The IRS — My Friend
Posted in rantings and ravings on September 7th, 2025 by skeeterThis past week I had a small argument with friends regarding the Tax Man, the Internal Revenue Service, no doubt universally hated and recently under orders from the Prez to drastically cut staff. Probably most of my fellow citizens are happy as punch those government workers will be getting their pink slips. But not me. I figure the less auditors looking at the returns of the ultra-wealthy and the corporations, the less revenue is pulled in and eventually us peasants will be asked to make up the slack. Call me cynical and send me to bed without my supper of gruel.
My friends’ point of view was more on the order that the IRS was a vast network of mindless computers searching for the mistakes the accountants they had hired had made, probably necessitating the dreaded audit. They asked, in fact, did I trust my own accountant. They no longer had faith in theirs, not after their last audit, and wondered if we’d ever had one ourselves.
Hell, no, I said, I don’t trust our accountant!! Our accountant is me. He runs the numbers for our personal taxes and for my business, fills out mucho forms, everything from Self-employment tax, Schedules B, C, D and X, the 1040, Schedule 1 and a couple more I don’t remember —– oh right, our rental property, no longer rented.
My friends were gobsmacked we weren’t red-flagged. I kind of am too, tell you the truth. But … here’s the thing. Nearly every year the IRS informs us we’ve made an error on our tax forms. And except for once, maybe twice at most where they billed us a hundred or two hundred bucks, we get a fat check back for a thousand here, 4000 there, 7000 last year and this year 1600. They even pay us interest!

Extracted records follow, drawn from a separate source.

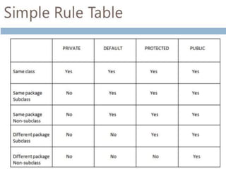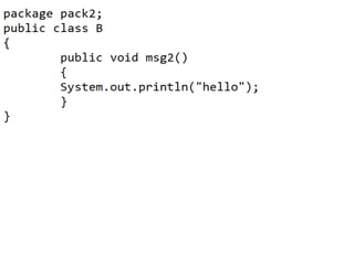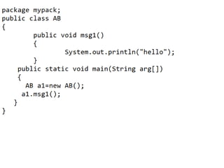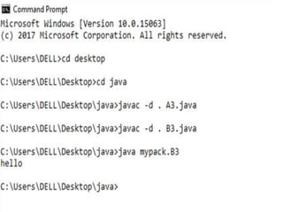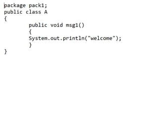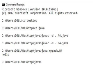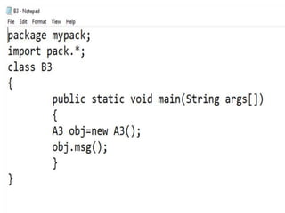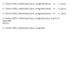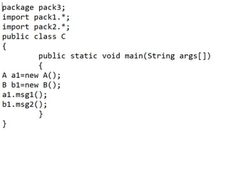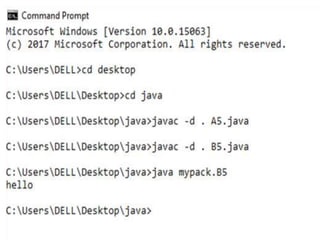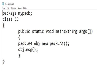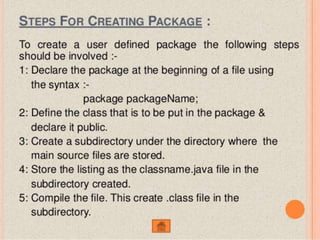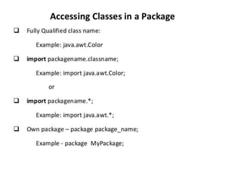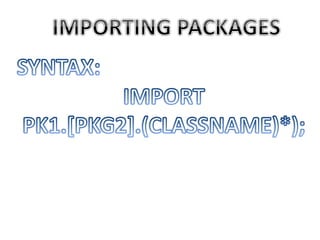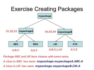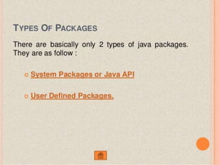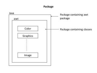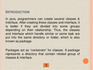 This document discusses packages in Java. It defines packages as a way to organize Java code and provides examples of built-in Java packages like java.lang and java.awt. It explains the different types of packages, the rules for packages, and how to create and access custom packages. Examples are provided to demonstrate importing and using classes from packages in an applet program.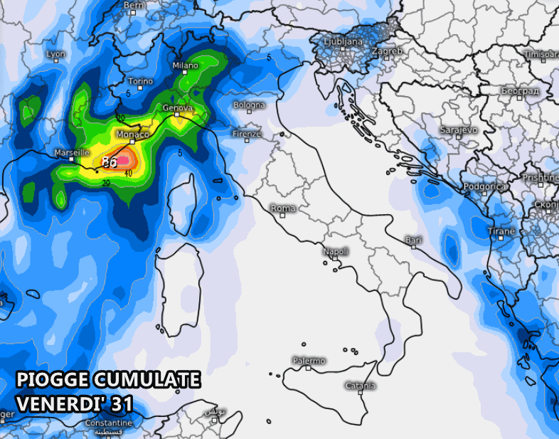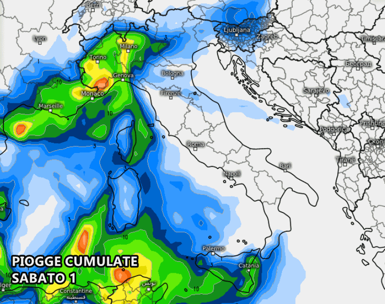 Negli ultimi aggiornamenti meteo, è stato senz’altro aumentato il carico di piogge previste sulle regioni settentrionali. I flussi umidi, provenienti da Sud, garantiranno precipitazioni su Liguria, Piemonte, Valle d’Aosta, Lombardia e, a quanto pare, anche su Emilia-Romagna, Veneto e Trentino-Alto Adige. Le piogge più consistenti riguarderanno i settori più occidentali, come Liguria e Piemonte, dove si prevedono picchi pluviometrici superiori ai 50-60 mm tra venerdì e sabato.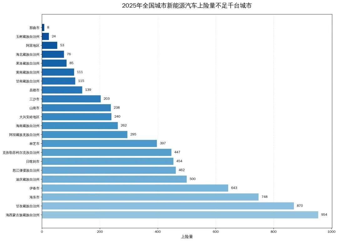 2025年新能源汽车上险量不足1000台的城市,无疑是中国新能源汽车版图的「绝对死角」。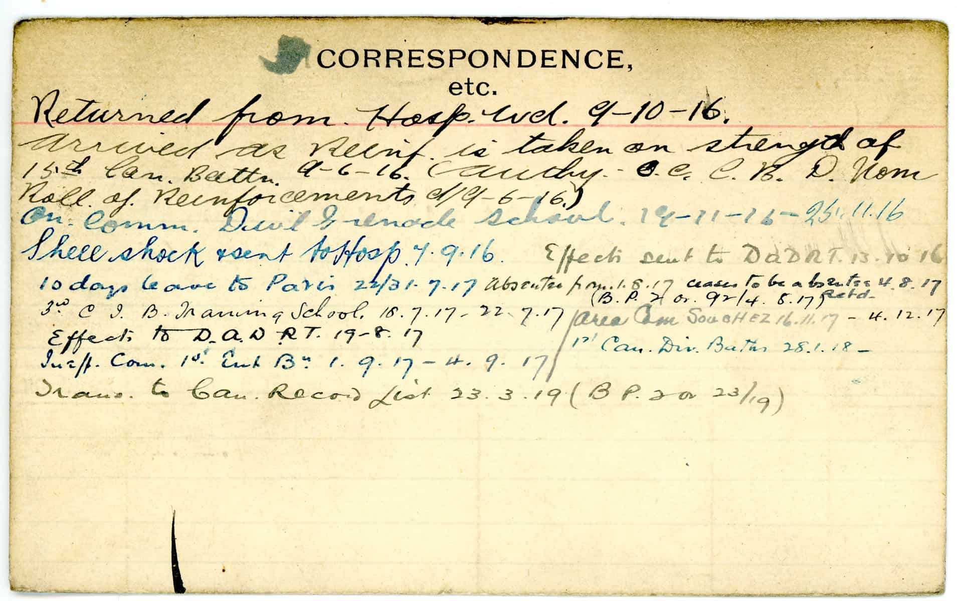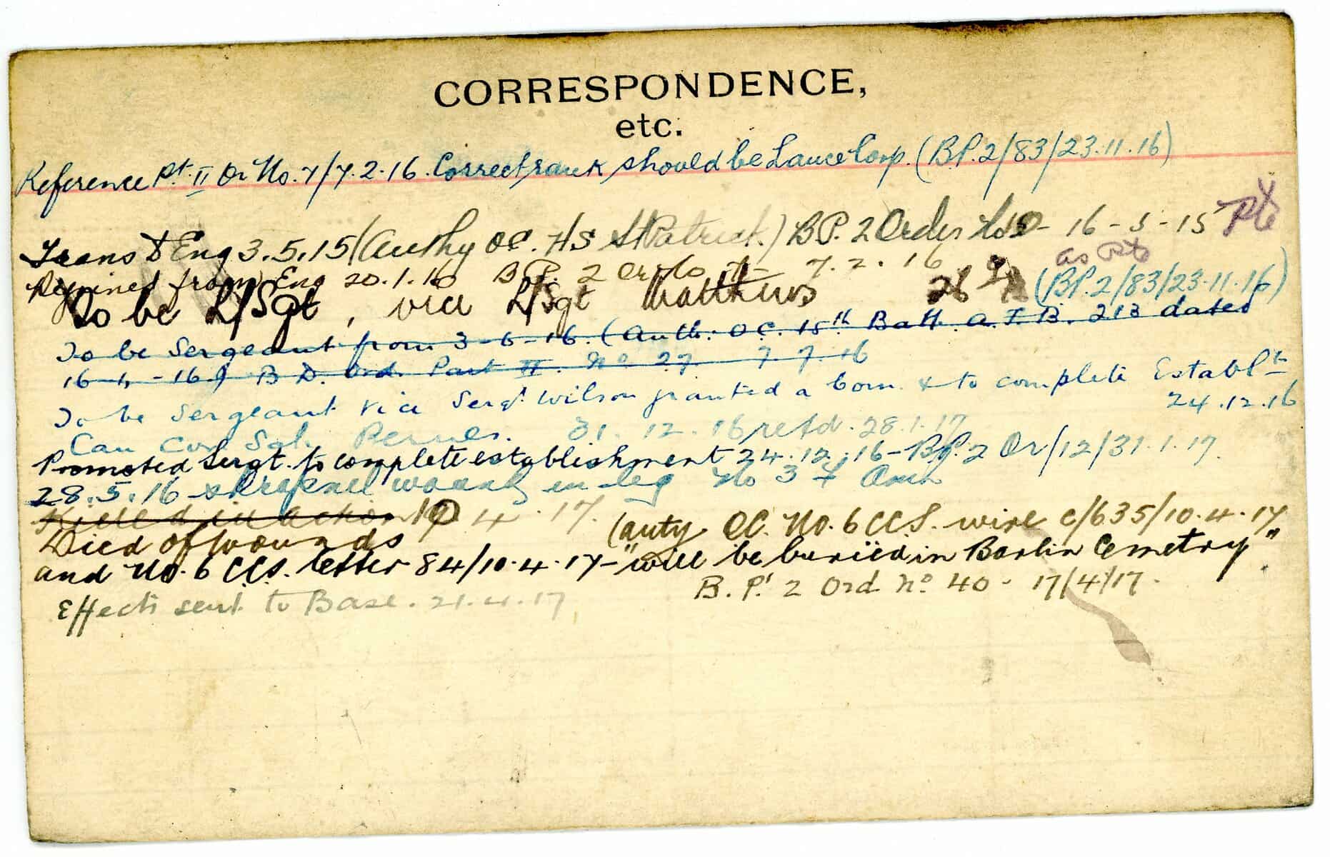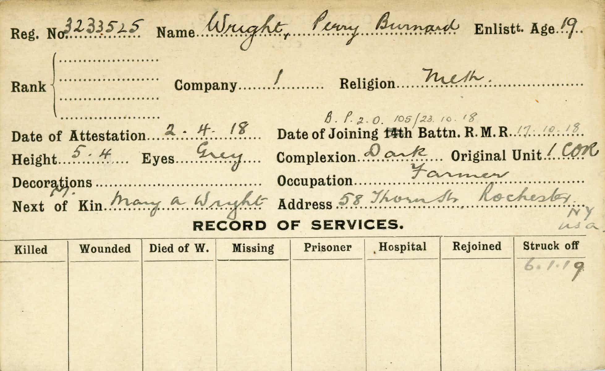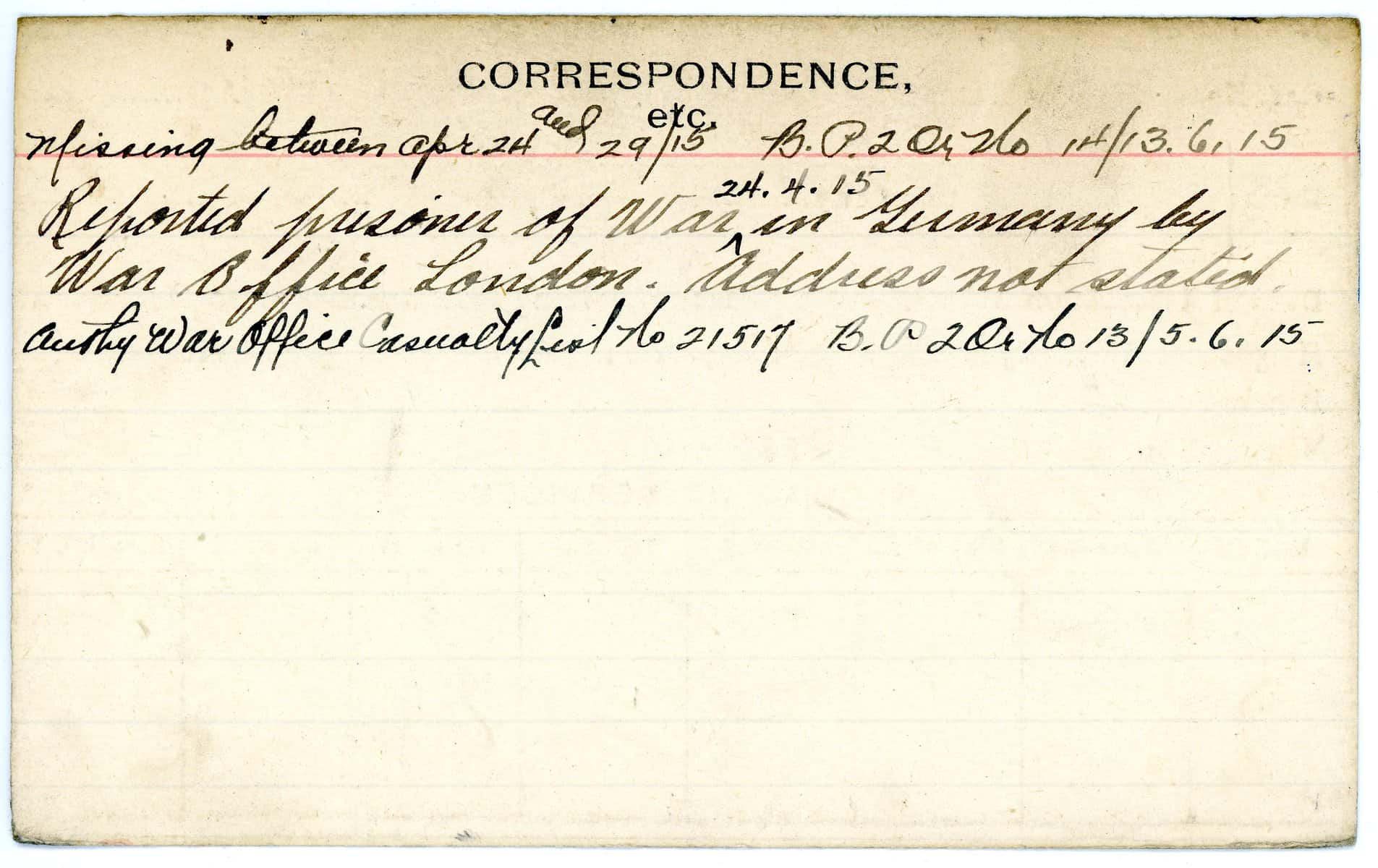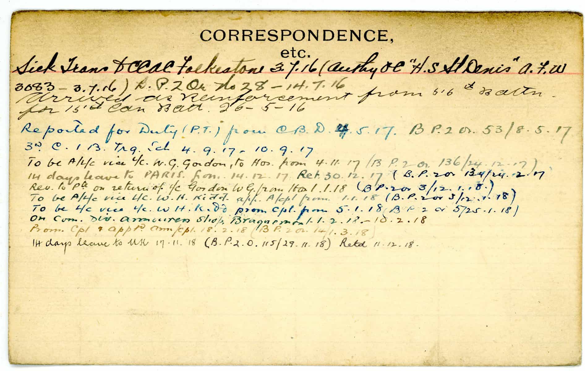 Record of Service Cards – W

So my take is that these IRS employees are looking after us, they’re definitely on our side. They could have kept their algorithmic mouths shut and we’d never be the wiser. Instead, they restored my faith in Government. Although … I can’t say it did for my friends. Like I tell em: do your own taxes — they’ll take pity on the ignorant, the math-challenged and the poor. You’ll be way better off and … you’ll have a new friend.